Illumina’s board described the Swiss pharmaceutical group’s latest offer, which Roche raised last week by 15 per cent to $51 a share, as “opportunistic”. The US group added that “even the revised offer does not reflect the intrinsic strength or future prospects of Illumina”.
In a letter to Franz Humer, Roche’s chairman, Jay Flatley, Illumina’s president and chief executive, said the offer, valuing the US diagnostics group at about $6.7bn, “dramatically undervalues Illumina and does not adequately reflect Illumina’s singular position in an industry poised for extraordinary growth”.
Mr Flatley, drawing from Roche’s own remarks, further drew attention to his company’s strong generation of revenues, profit and cash and a track record of delivering continual upgrades in technology to the marketplace.
Contacted at its Basel headquarters on Monday night, Roche declined to comment on the Ilumina’s rejection of its latest move.

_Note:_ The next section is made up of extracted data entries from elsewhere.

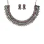 I Jewels 18K Silver Oxidised Indian Traditional Coin Necklace Jewellery With Earrings For Women & Girls (MC062-63) (Style5)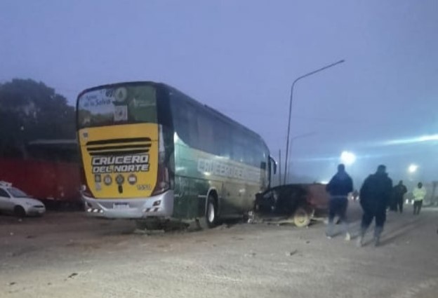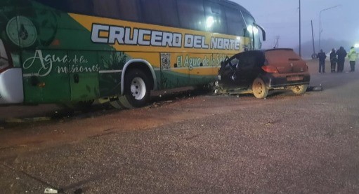 La colisión fatal ocurrió alrededor de las 6 de la mañana de este domingo, en el acceso a Santo Tomé. Por motivos que la Policía aún investiga, un automóvil negro marca Peugeot impactó de lleno contra un colectivo de larga distancia de la empresa Crucero del Norte.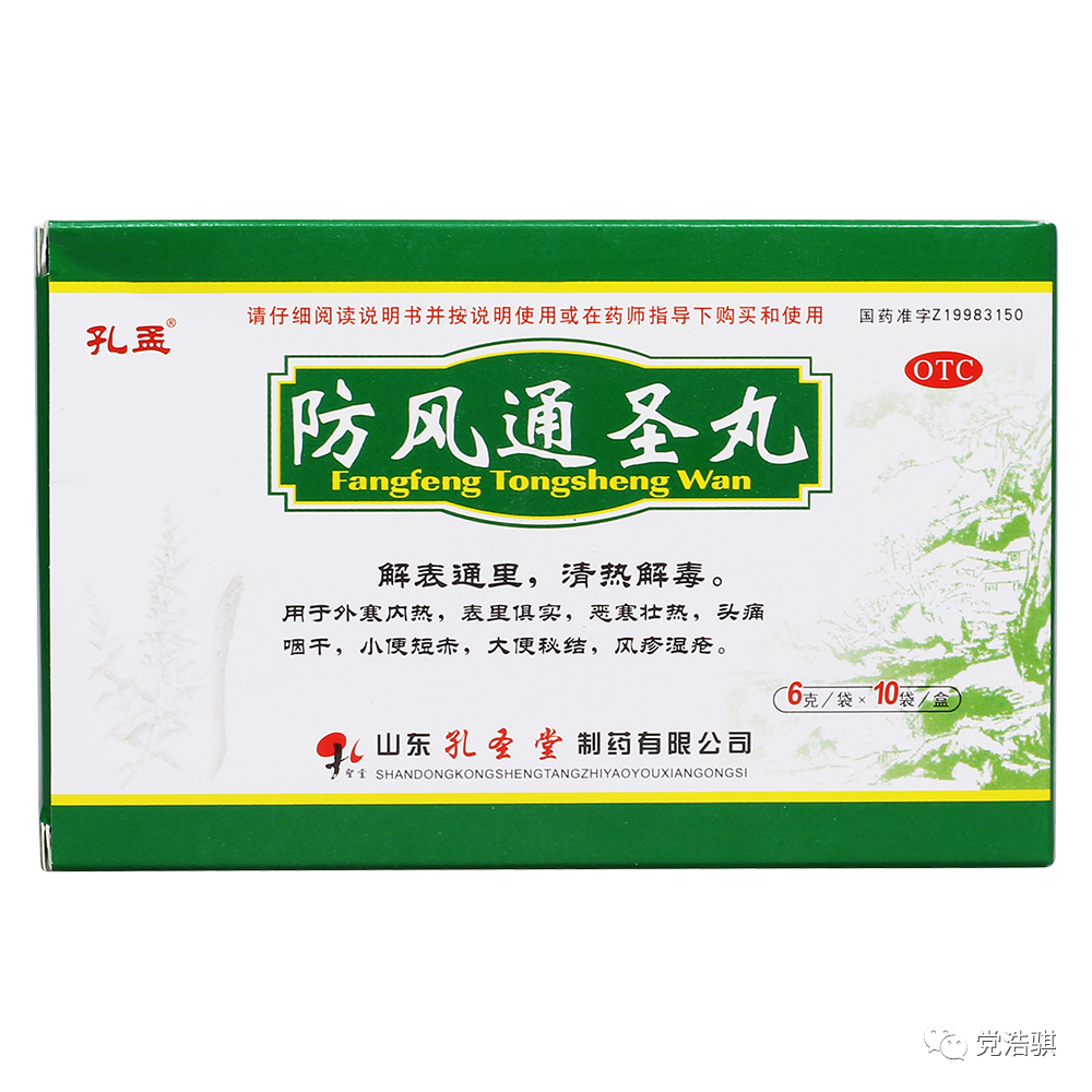 防风通圣丸:麻黄、荆芥穗、防风、薄荷、连翘、桔梗、栀子、黄芩、石膏、大黄、芒硝、滑石、当归、川芎、白芍、白术、甘草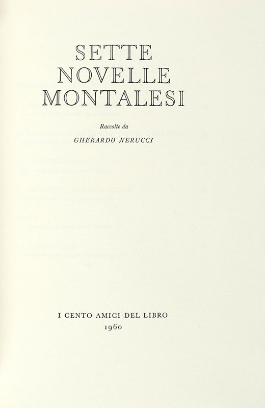 In-4° (mm 300x215). Pagine [4] bianche, 97, [3], [4] bianche. Con 16 acqueforti di Dario Cecchi di cui una a doppia pagina e una al piatto anteriore della brossura. Brossura editoriale illustrata, con titoli in nero al dorso; con velina protettiva e custodia editoriale in cartonato. Uno dei 100 esemplari ad personam numerati con cifre romane, su una tiratura complessiva a 116 copie stampate su carta a mano Magnani, con firma di Sanminiatelli al colophon.

The rejection has, however, probably come as a disappointment, given the confident tone of Mr Humer’s own letter to Mr Flatley last week accompanying the improved offer,
Referring to extensive contacts with Illumina’s biggest shareholders, Mr Humer justified Roche’s price increase on the grounds that the Swiss group had detected a strong wish among Illumina shareholders to accelerate the takeover process following “a number of productive discussions” with Illumina shareholders in recent weeks.

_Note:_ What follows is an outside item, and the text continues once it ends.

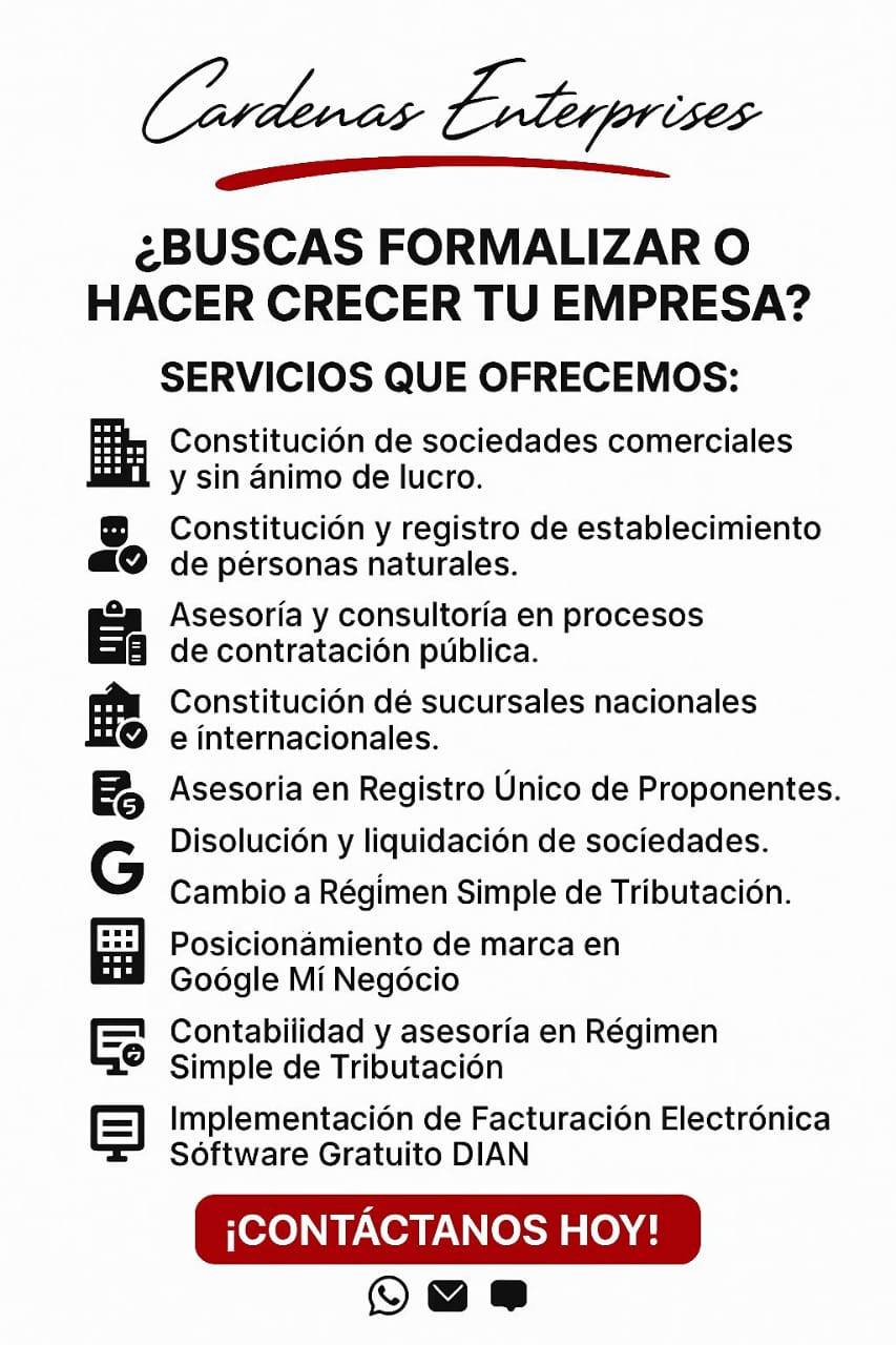 Somos una empresa 100% colombiana nacida bajo el nombre CARDENAS ENTERPRISES, prestando nuestros servicios con los más altos estándares de calidad a nuestros clientes del sector público y privado de todo el país.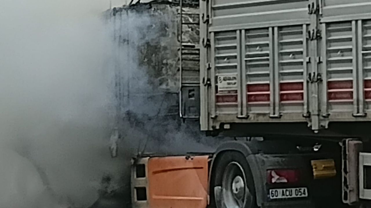 Yangın nedeniyle kara yolunda trafik bir süre durma noktasına geldi. TIR'ın çekicisinin kullanılamaz hale geldiği yangının çıkış nedeninin belirlenmesi için inceleme başlatıldı. (DHA)

“Our revised offer represents a 15 per cent premium to our offer on January 25 2012 and a substantial premium of 88 per cent over Illumina’s closing stock price on December 21 2011, the day before market rumours about a potential transaction between Roche and Illumina drove Illumina’s stock price significantly higher,” he added.

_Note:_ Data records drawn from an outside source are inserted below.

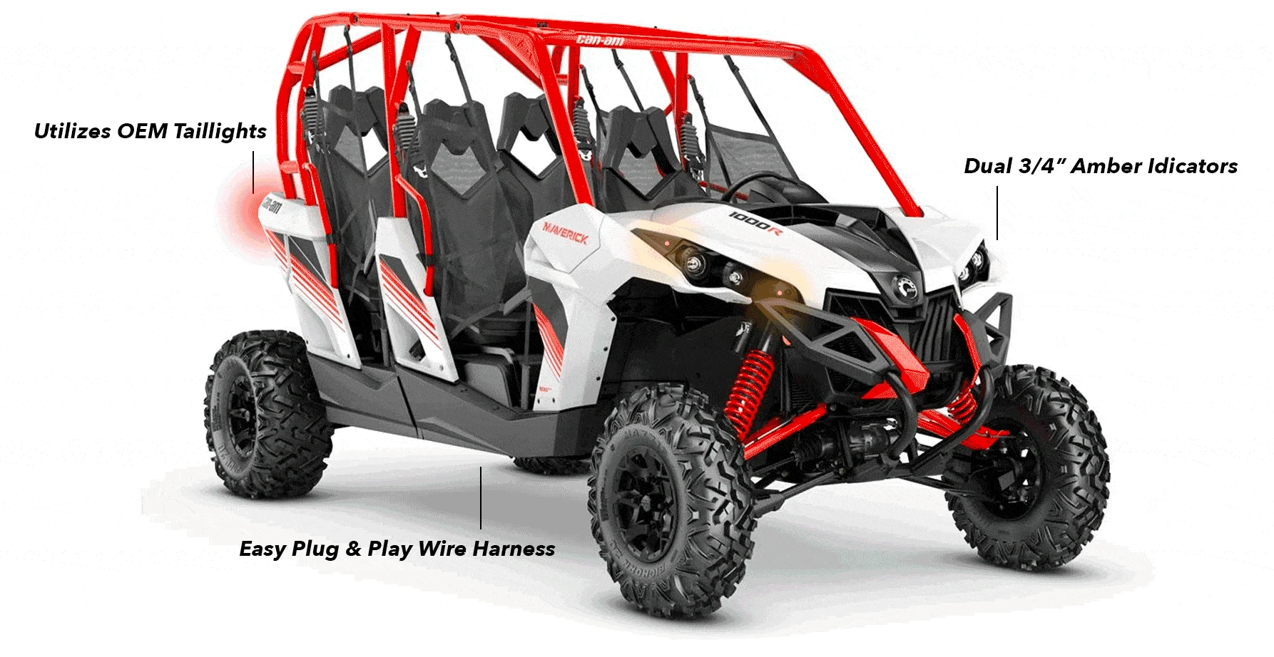 The plug-and-play turn signal kits from Corbin Custom Works are the easiest and highest quality kits for the Can-Am’s “Original” Maverick 1000R UTVs! Our signal kits achieve a completely OEM rear indicator look by utilizing the factory rear tail lights. We include four super-bright 3/4″ LEDs to provide over 180° of front indicator visibility! All turn signal kits also have hazard rocker switch/functionality upgrades available. Each Corbin Custom Works turn signal kit comes with thorough, easy to read and illustrated, installation guides making installation a snap!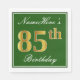 Serviettes En Papier Elégant Vert, Faux Or 85ème Anniversaire + Nom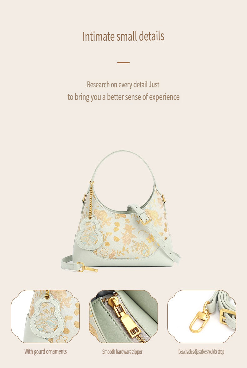 | Song Brocade + Genuine Leather | Medium | Zipper | Phone Pocket | Embroidery | No | Single |
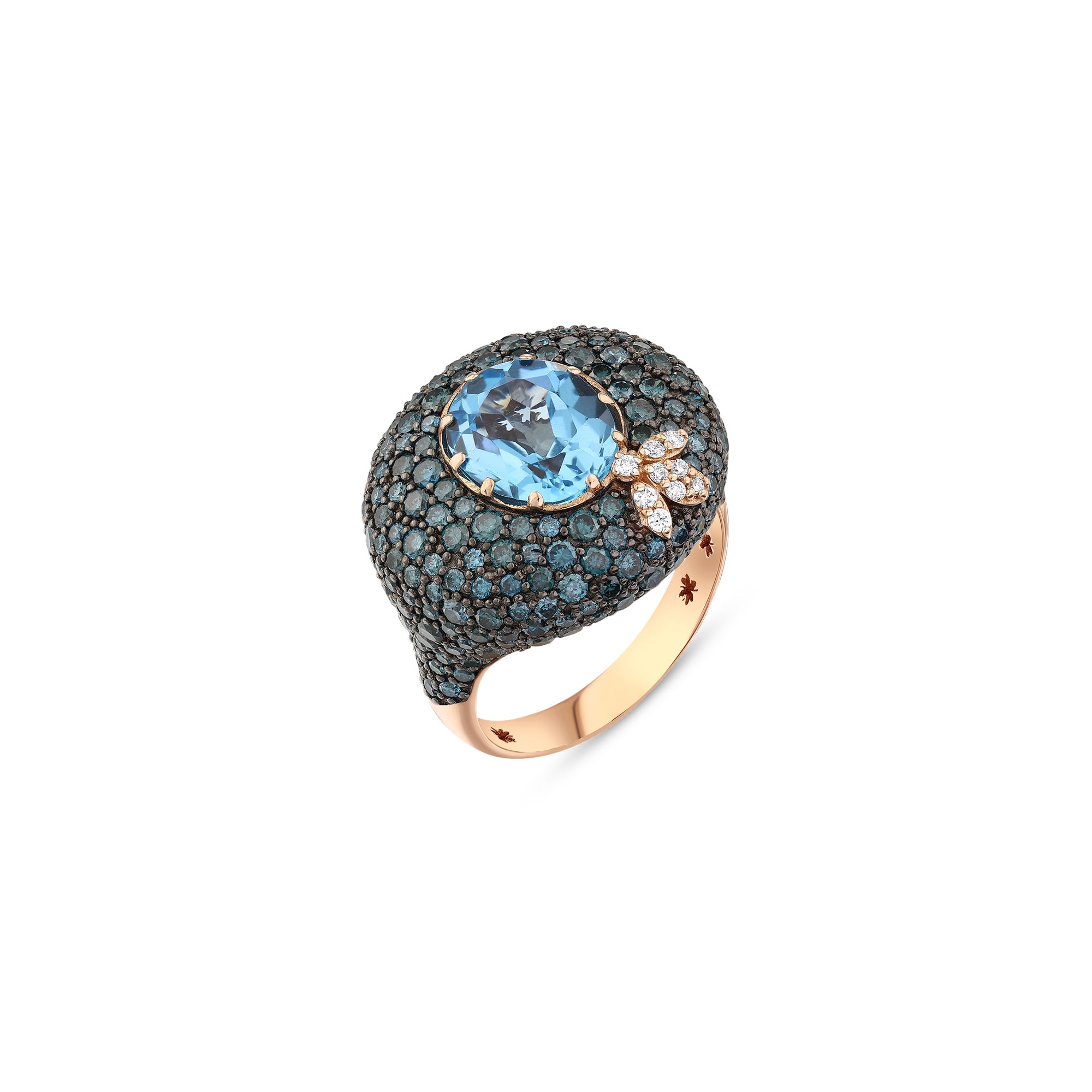 QUEEN BEE DEA GOLD DIAMOND BLUE TOPAZ PINKY RING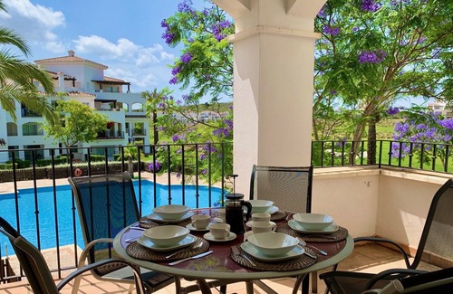 Welcome to our clean, bright and family friendly apartment on the award winning Hacienda Riquelme Golf Resort. The apartment is situated on Calle Indico (see map) and is on the first floor, overlooking a large swimming pool and children’s paddling pool. There is lift access to the first floor. The apartment is nicely furnished with everything you and your family would need to have a fantastic holiday in the sun.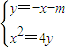 (II)由于直線l的方程為y=x+m,所以直線l'的方程為y=-x-m,由

Earlier in March, Severin Schwan, Roche’s chief executive, warned Illumina shareholders their company’s growth prospects had diminished over the past year at a time of slowing demand reflected in lower earnings guidance. He said its shares had only held up because of stock market speculation over Roche’s bid.
He warned that Illumina alone did not have the scale and infrastructure to expand successfully in diagnostics and had little experience in regulated areas.
Roche has launched a tender offer for Illumina shares and put forward new candidates for its board of directors. At the last count, however, the Swiss group had amassed only a minimal proportion of Illumina’s shares.